Meltem Şeniz Toksoy, nutrition and dietician, says that one of the reasons for insomnia without sleep is magnesium deficiency.

Toksoy lists the magnesium-rich foods that help quality sleep:

Spinach: Try to include as much of the food as possible in the spinach with 79 mg of magnesium per 100 grams. Especially the raw state contains more magnesium. It is also a very good magnesium source for pregnant and lactating mothers. Apart from spinach, all green leafy vegetables are rich in fiber, folate, potassium and vitamins A, C, E and K.

Chocolate: Chocolate, which everyone loves very much but is avoided because of fear of ruining their diet, has become an indispensable crisis of menstruation, especially in women; Did you know that you can take advantage of this crisis with fewer calories and more benefits with bitter chocolate with a cocoa content of over 60%?

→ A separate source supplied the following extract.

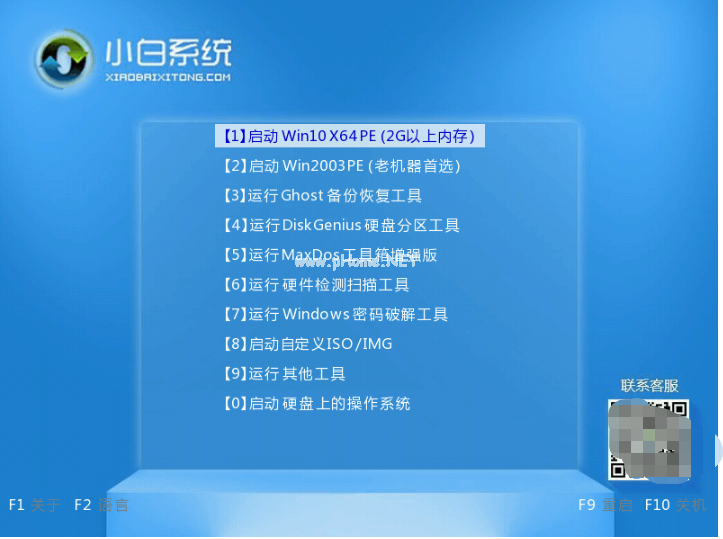 9、出現(xiàn)的小白系統(tǒng)界面,我們選擇第一項(xiàng)啟動(dòng)win10x64位PE,然后回車進(jìn)去。

Pumpkin Cereal: Pumpkin is a nutritious source of magnesium. 1 cup of pumpkin seeds meets 50% of the daily magnesium requirement. Pumpkin seed seeds contain 262 mg of tail seed per 100 grams. You can buy pre-packaged pumpkin seeds as well as pumpkin seeds themselves. Just take the seed out, wash it and then fry it in the oven with cinnamon and salt at the level you want. Once your seeds are ready, you can add them to your desserts and meals by pulverizing them.

Avocado: Avocado is a perfect source of healthy fats that can be adapted to taste when mixed with any food. It contains 29 mg of magnesium per 100 grams.

Brown rice: All grains are known for their magnesium content; But in small quantities the grain product is as healthy as brown rice. It contains 43 mg of magnesium per 100 grams. It is gluten-free, so it may be a good alternative even for people with gluten sensitivity. Also rich in fiber and protein, it is suitable for almost every meal. To increase the magnesium content of your meals, you can add a few meals of brown rice a week.